Fig 10. Co-localization of the viral double-stranded gRNA with RH30 in whole plants infected with CNV.

The CNV genomic dsRNA replication intermediate was detected via a dsRNA detector assay based on dsRNA binding-dependent fluorescence complementation assay [69]. The assay was performed with two dsRNA binding proteins (i.e., vp35 and B2), which are fused to N- and C-terminal halves of the yellow fluorescence protein (YFP), respectively.
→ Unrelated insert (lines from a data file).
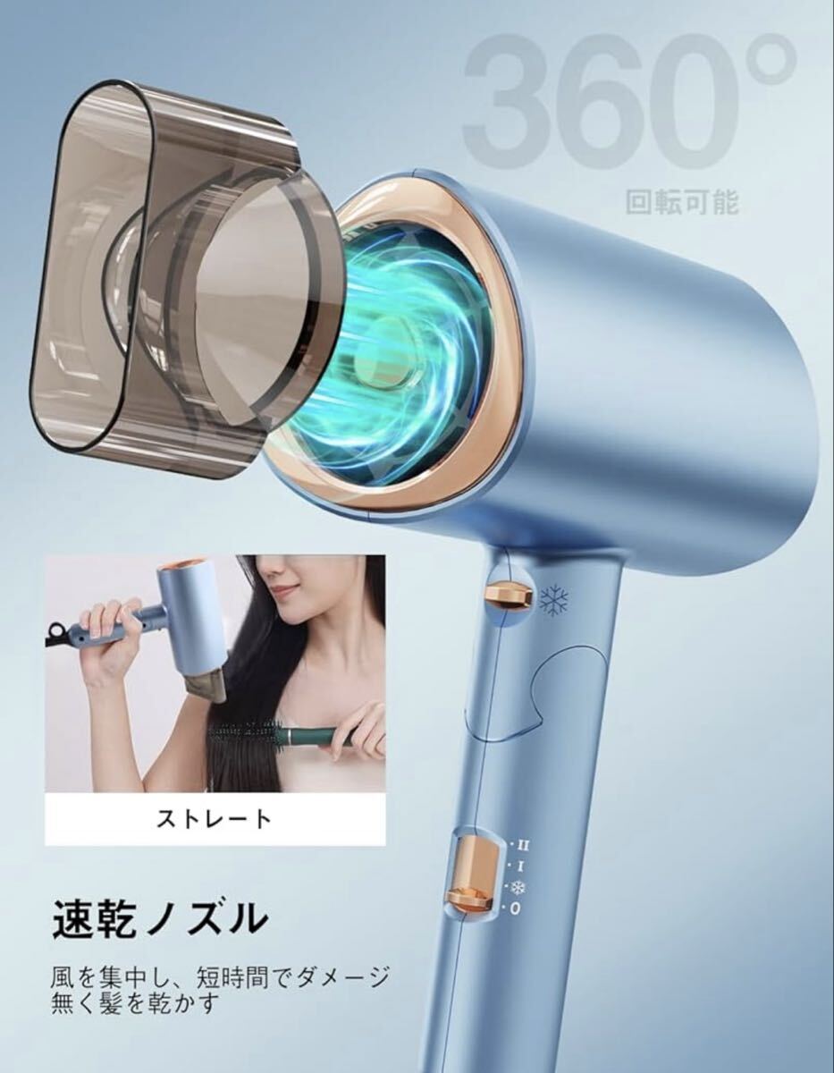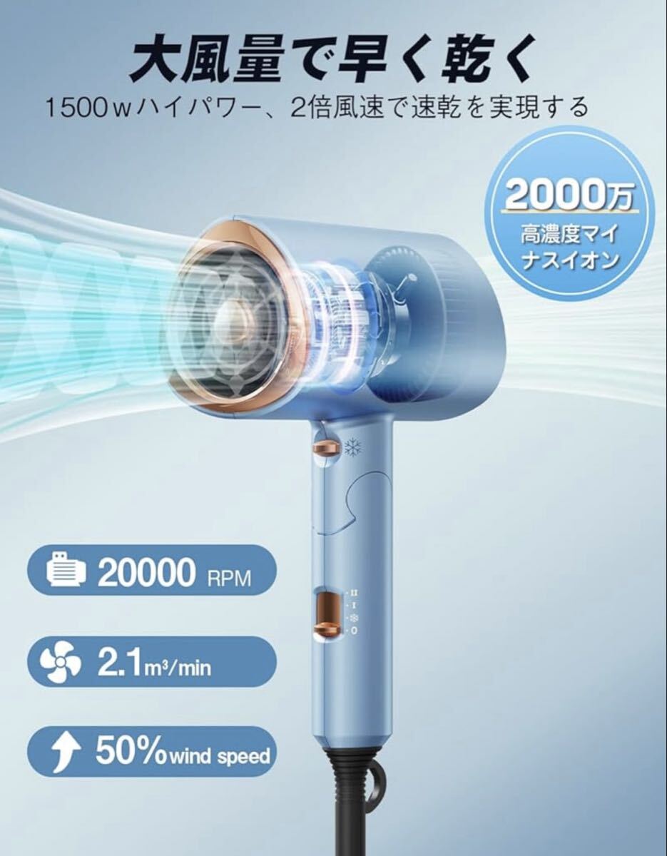 ドライヤー 大風量【2025年春夏限定 美容師監修】速乾 ヘアドライヤー 2000万 マイナスイオン 静電気抑制 57℃恒温 3段階調整 過熱防止 コンパクト 折り畳み 収納ホルダー付属 速乾ノズル ヘアサロン 旅行 ブルー
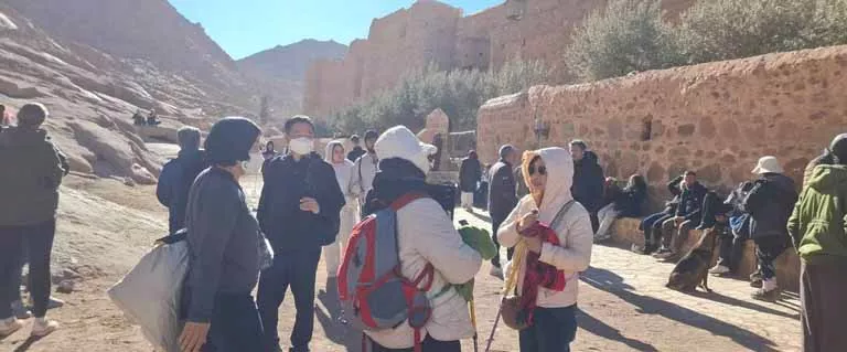 شهدت مدينة سانت كاترين بمحافظة جنوب سيناء، اليوم الجمعة، إقبالًا سياحيًا كبيرًا من قبل المصريين والأجانب، تزامنًا مع انتهاء إجازة نصف العام الدراسي.
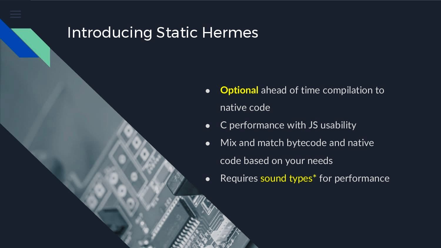 Static Hermes is an experimental project that allows you to optionally compile some of your TypeScript (or Flow) code into native code. This offers significant performance gains (x10-20) compared to Hermes usual mode based in bytecode interpretation. It also enables easy integration with native APIs directly from your TypeScript code (zero-cost FFI, x15-80 faster than a JSI wrapper).
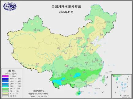 高荣介绍,华西秋雨11月中旬结束,雨期长,秋雨量历史最多。11月,全国平均降水量20.0毫米,接近常年同期(20.2毫米)。
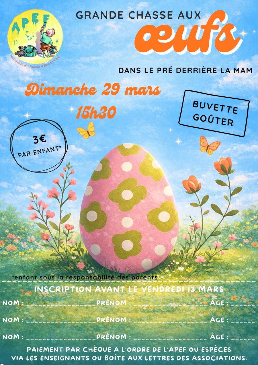 🐣 L’APEF invite les enfants et leurs familles à participer à une grande chasse aux œufs pleine de surprises et de gourmandises !
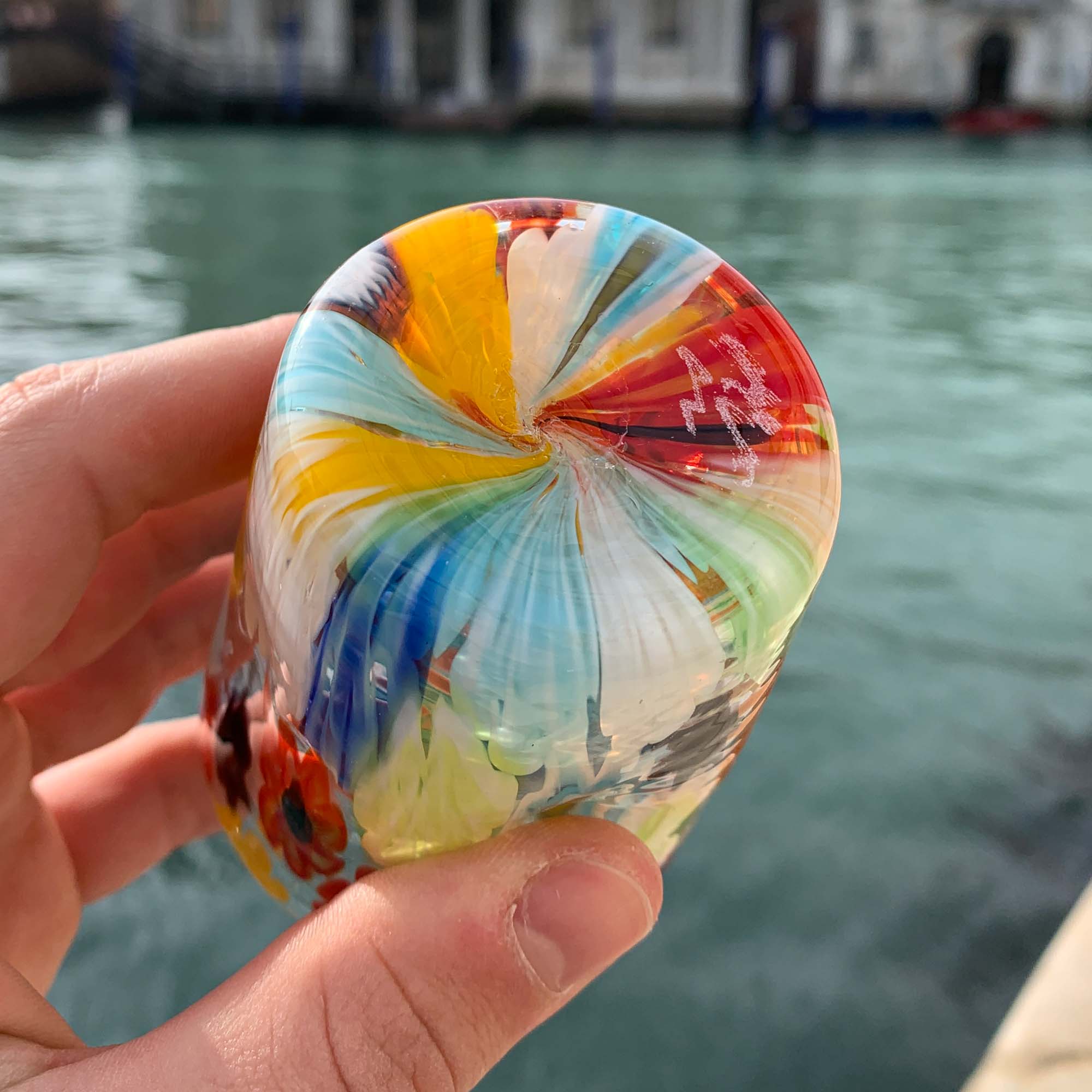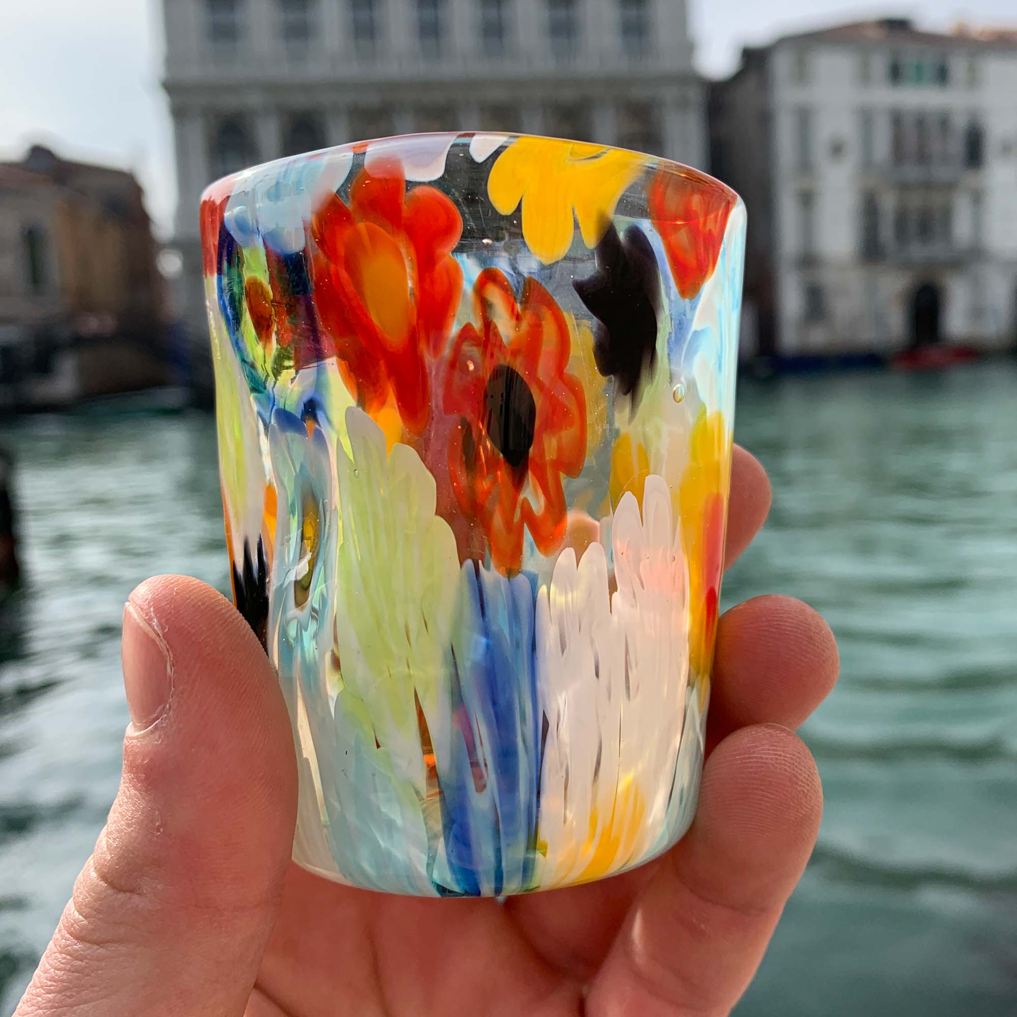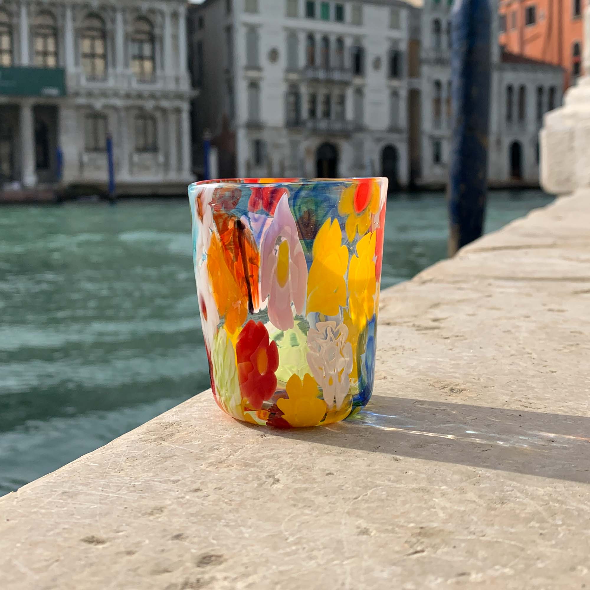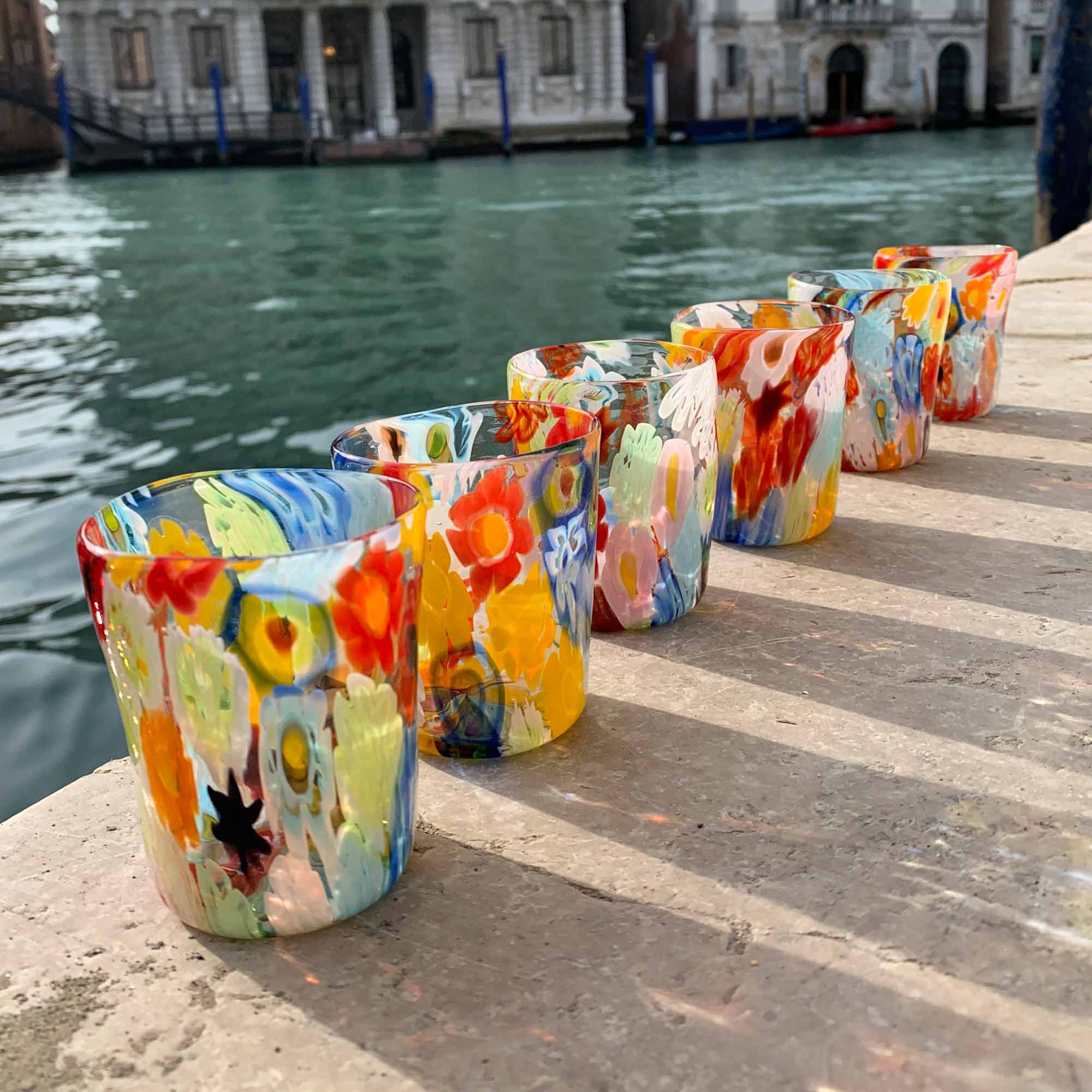 Bring this typical Murano design to your table, with its joyful murrine and original shape. The glasses have been handmade in Murano following the ancient Murano glass techniques.
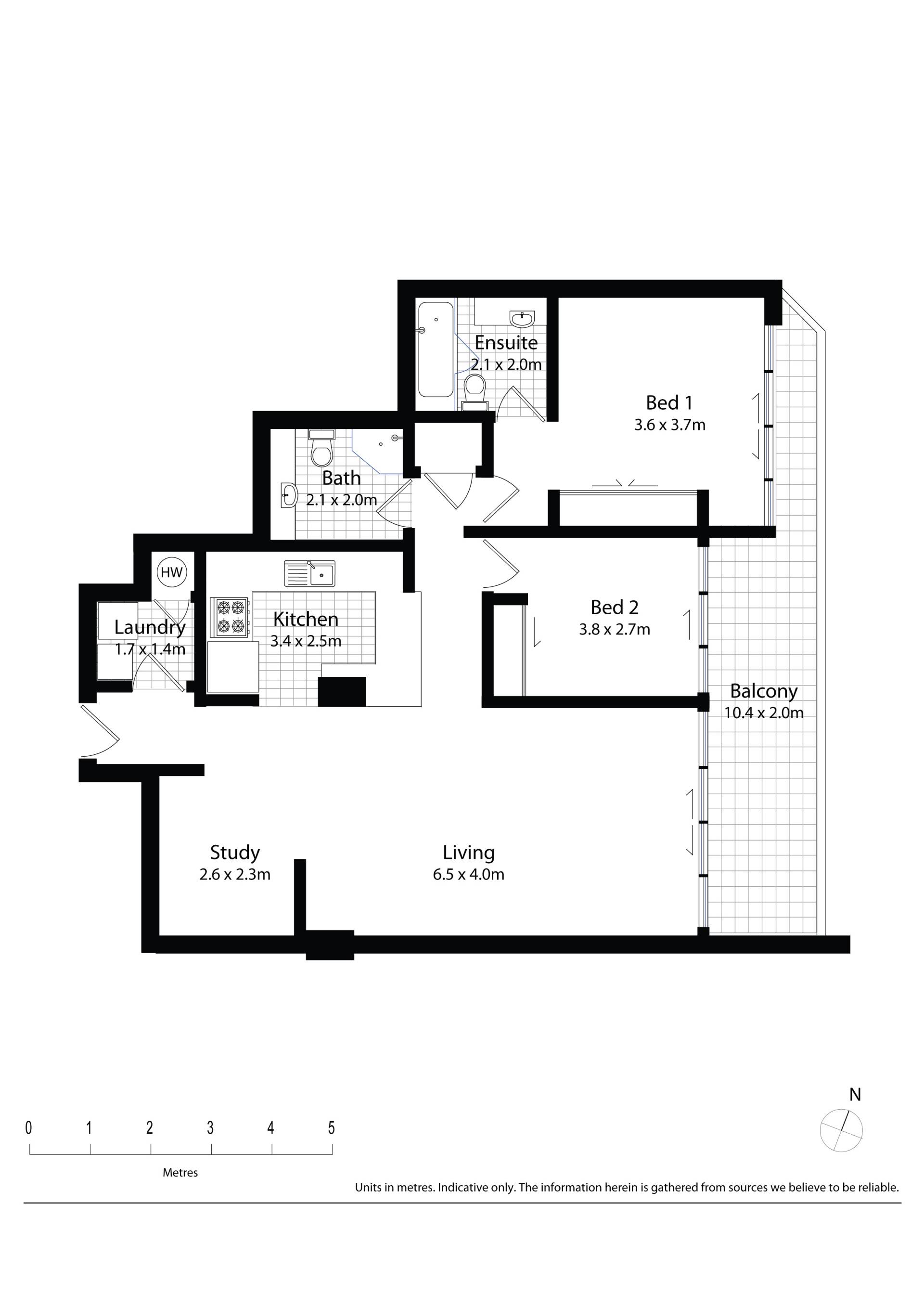 Features 2 bedrooms plus study, timber floors, wrap around balcony, modern designer kitchen with granite bench top and gas fittings.
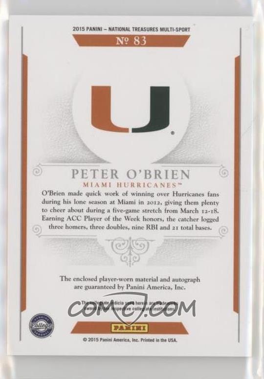 2015 Panini National Treasures Collegiate Multisport Materials Signatures Silver #83 Peter O’Brien/25
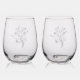 Etched Floral Stemless Wine Glass
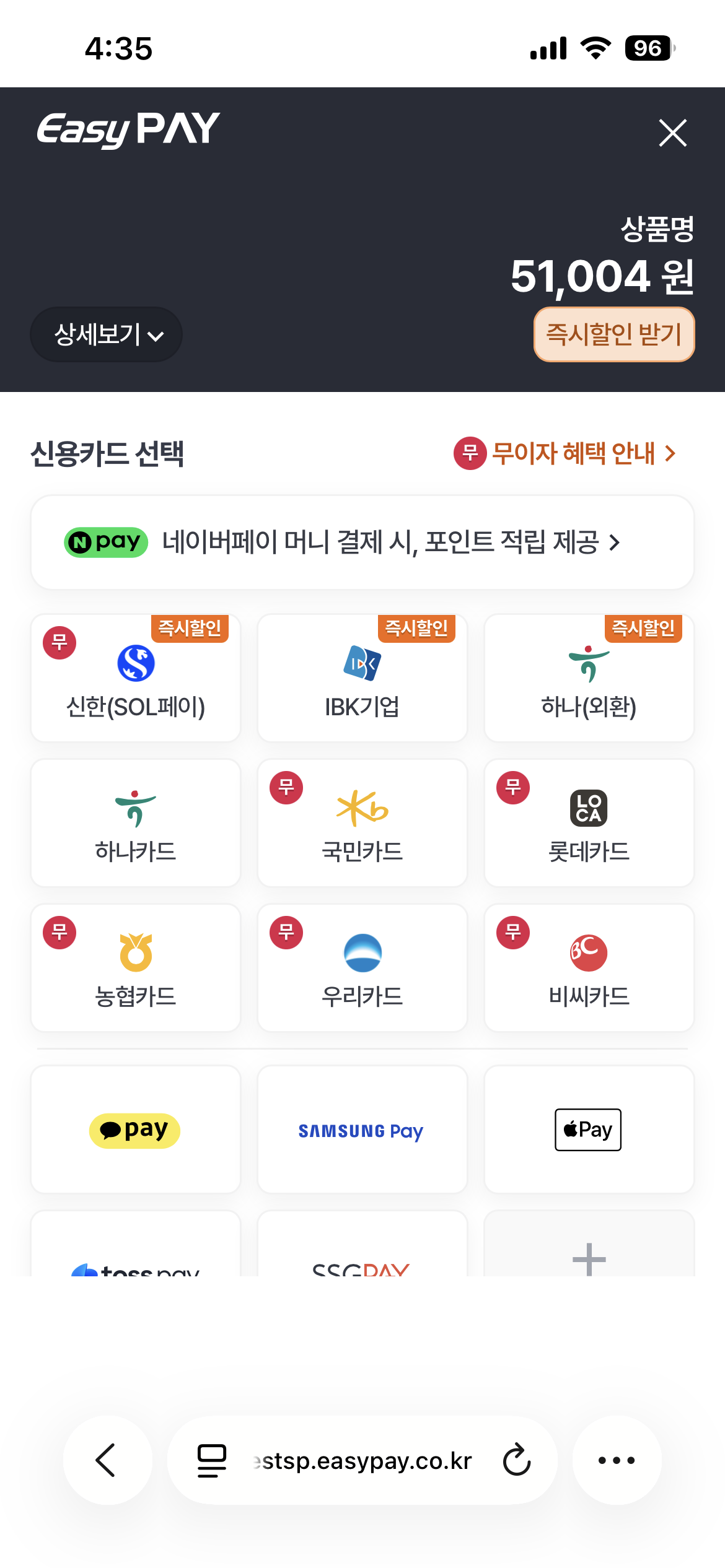 - 다양한 결제 수단: 신용카드, 네이버페이, 카카오페이 등 다양한 결제 수단을 한 번에 연동할 수 있습니다.

Simultaneous binding of the two fusion proteins to the same CNV dsRNA replication intermediate leads to the restoration of YFP fluorescence, allowing the visualization of the viral dsRNA replication intermediate location via confocal microscopy. The dsRNA sensor B2YN and VP35YC plasmids were agro-infiltrated into N. benthamiana leaves at OD₆₀₀ of 0.15, respectively, together with RFP-RH30 and p33-BFP at OD₆₀₀ of 0.5. CNV infection was initiated via agro-infiltration (OD₆₀₀ of 0.15). Leaves were harvested and then immediately subjected to confocal microscopic analysis 2 days after agro-infiltration. The fluorescence complementation was detected via the GFP channel (excitation/emission: 488nm/500-530nm). Top panel: viral dsRNA replication intermediate is co-localized with RFP-RH30 within the replication compartment, which is marked by TBSV p33-BFP. Middle panel: no expression of RFP-RH30 was used as control. Bottom panel: N. benthamiana leaves with no viral components expressed were used as control. Expression of the above proteins from 35S promoter was done after co-agroinfiltration into N. benthamiana leaves. Scale bars represent 10 μm. Each experiment was repeated.